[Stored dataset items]

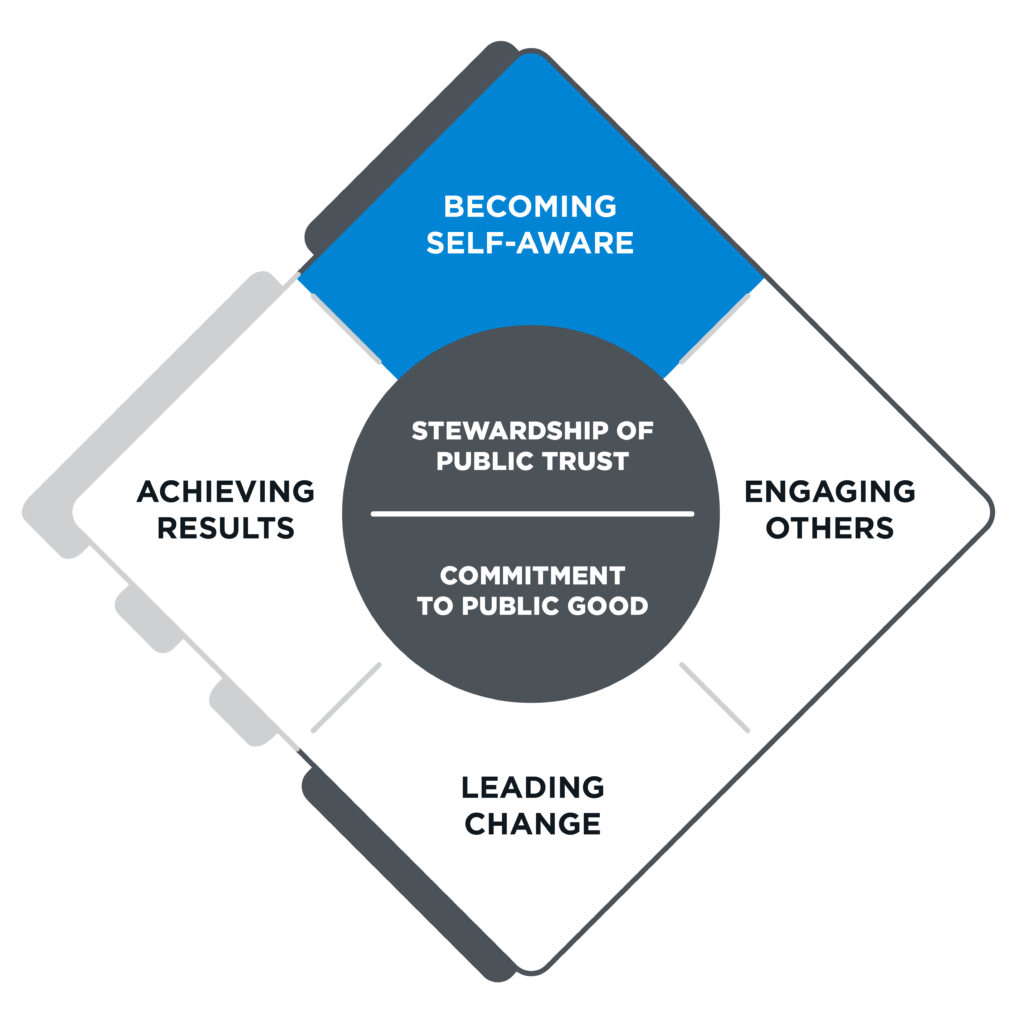 Becoming self-aware is about knowing how your values and motivations drive your behavior. It is essential to personal development and the ability to interact productively with others. In a complex environment, self-awareness is an anchor, enabling you to stay true to yourself and perform at your highest levels. The five subcompetencies to becoming self-aware include:
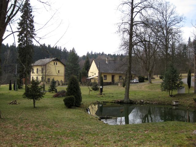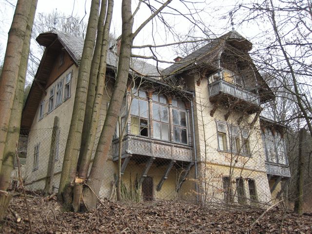 Z osady jsme pokračovali stále po žluté značce, na severním okraji vsi jsme míjeli ve stráni nádherně umístěnou vilu, značně zdevastovanou, ale od místních jsme se dozvěděli, že současná majitelka už začala s venkovními úpravami, takže na budovu snad taky jednou dojde.
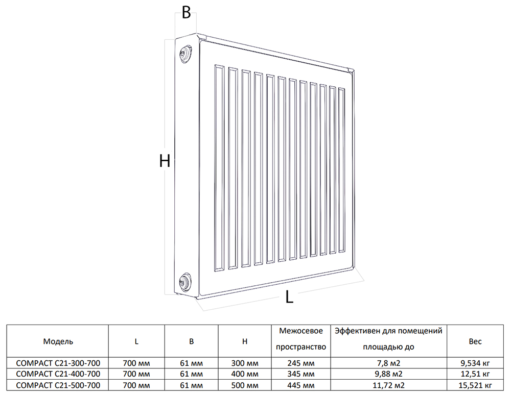 Радиатор панельный Royal Thermo COMPACT C21-500-700 RAL9016
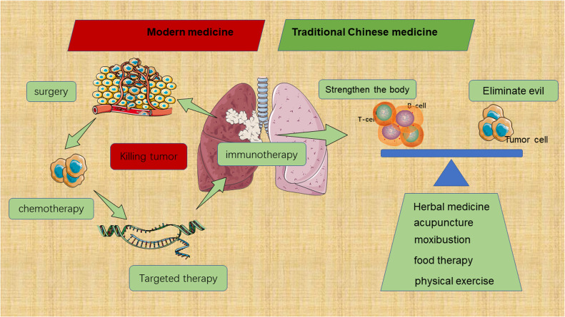 E’ utile ricordare che , la teoria più basilare della MTC nel trattamento del tumore ai polmoni, è la regolazione dello squilibrio “rafforzando il corpo” ed “eliminando il male” quando l’immunità del corpo è troppo debole e la capacità di crescita del tumore è troppo forte. “Rafforzare il corpo” significa potenziare l’immunità antitumorale del corpo, mentre “eliminare il male” inibisce direttamente la crescita, la proliferazione, l’invasione e la migrazione delle cellule tumorali. Questo accento sulla necessità di rafforzamento del corpo per combattere le cellule tumorali, coincide in parte con la teoria dell’immunoterapia.
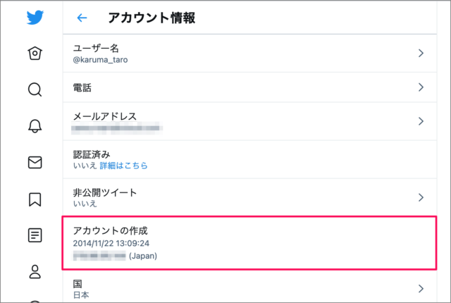 然後將顯示您帳戶中註冊的 Twitter 數據。您可以從“創建帳戶”中查看 Twitter 帳戶的創建日期和時間。
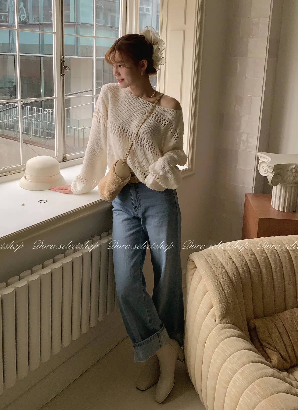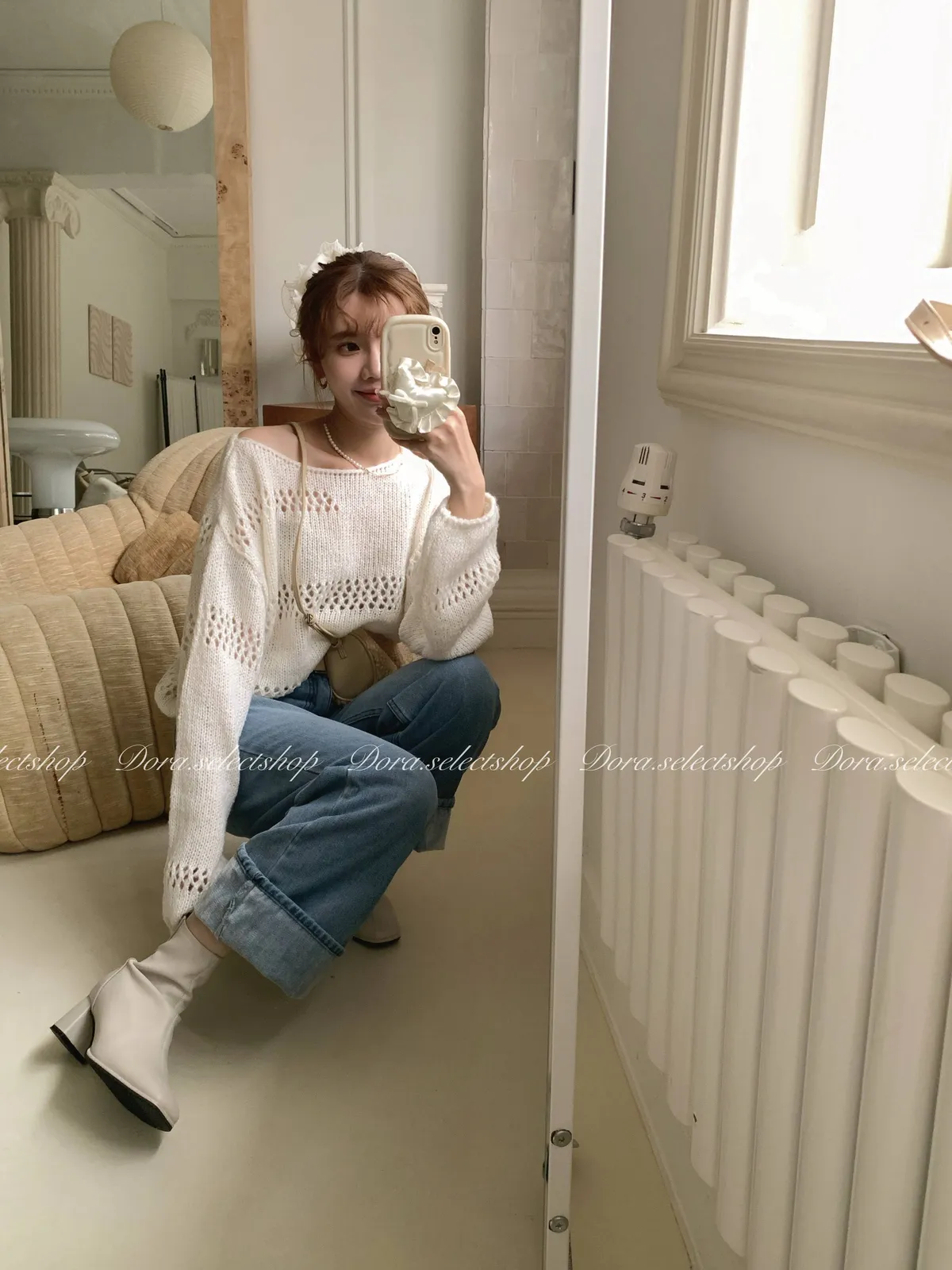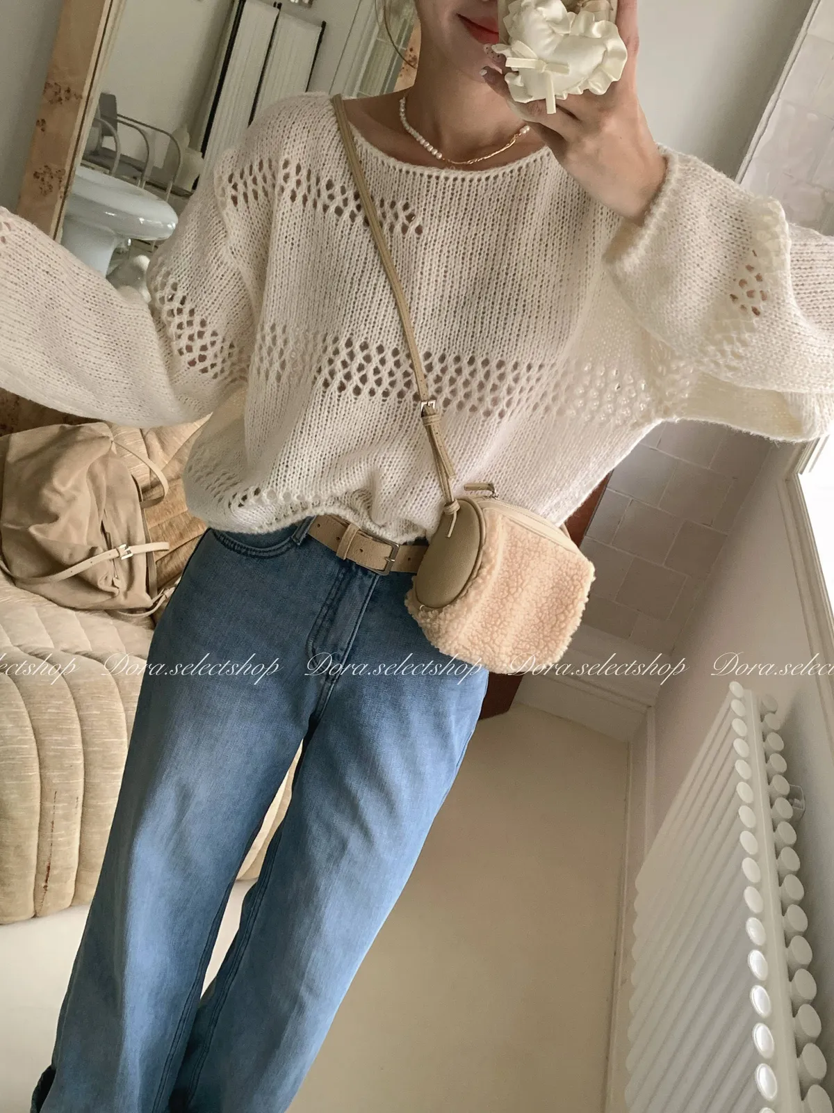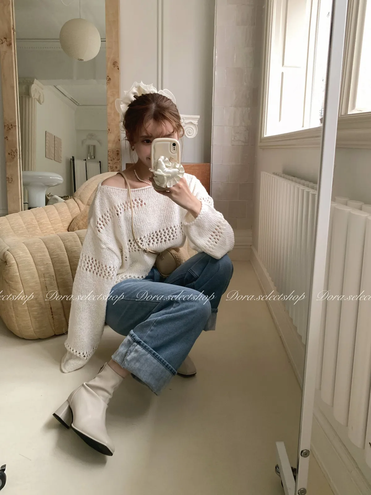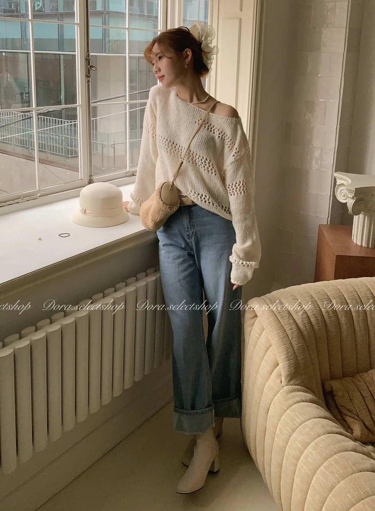 🇰🇷船領不規則簍空寬鬆短版針織上衣---白
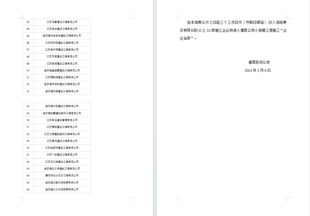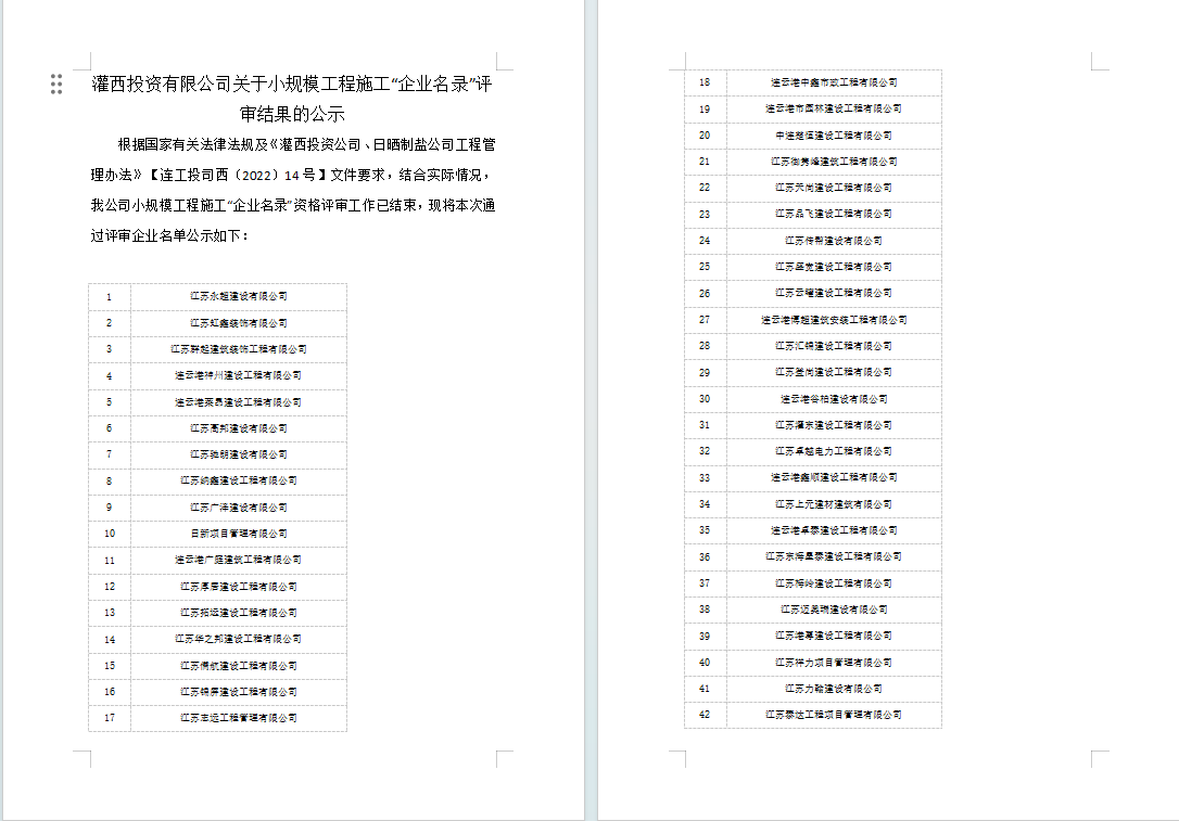 灌西投資有限公司關(guān)于小規(guī)模工程施工“企業(yè)名錄”評審結(jié)果的公示
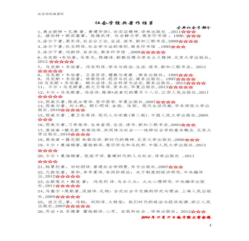 社会学经典著作推荐之古典社会学部分资料下载,喜欢的朋友可以下载收藏!
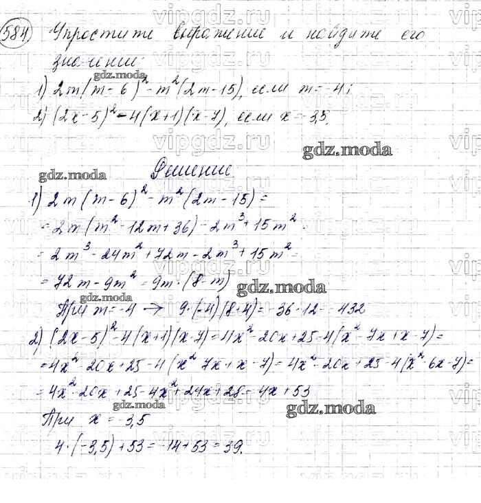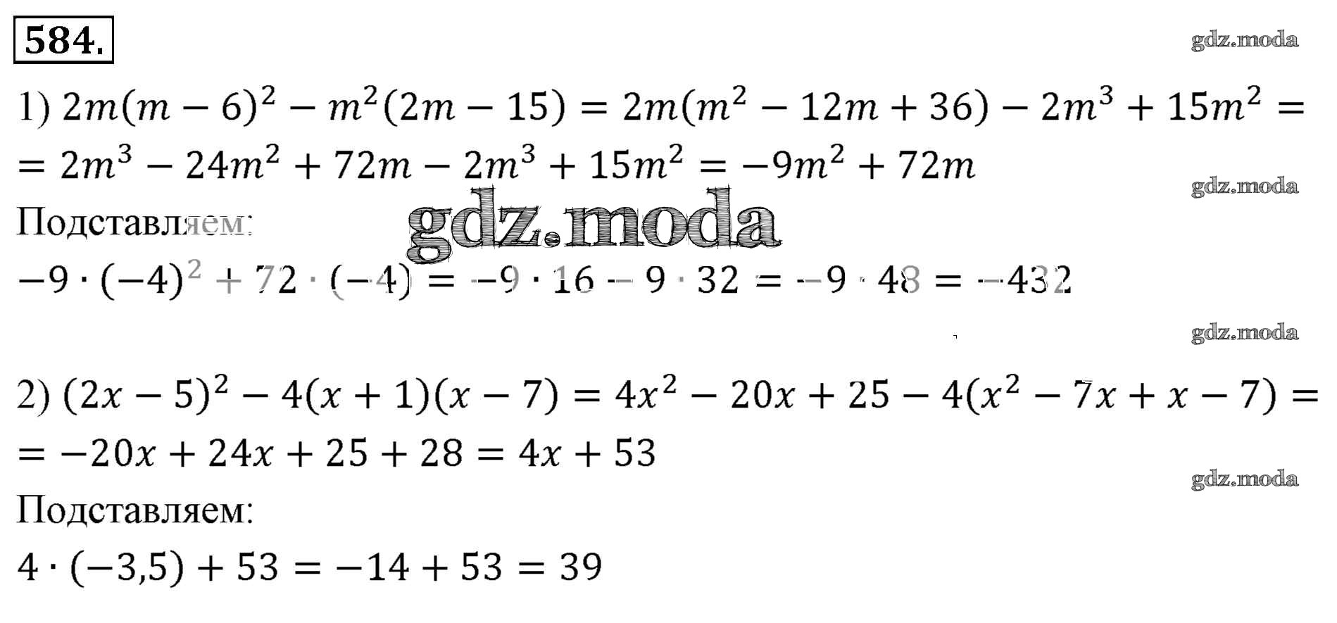 ОТВЕТ на задание № 584 Учебник по Алгебре 7 класс Мерзляк Алгоритм успеха Базовый уровень

[WORK REQUIRED]:
Repeat exactly and only the lines from the one holding "灌西投資有限公司關(guān" through the final line of the entries; no pictures.

[ANSWER AREA]:
 灌西投資有限公司關(guān)于小規(guī)模工程施工“企業(yè)名錄”評審結(jié)果的公示
 社会学经典著作推荐之古典社会学部分资料下载,喜欢的朋友可以下载收藏!
 ОТВЕТ на задание № 584 Учебник по Алгебре 7 класс Мерзляк Алгоритм успеха Базовый уровень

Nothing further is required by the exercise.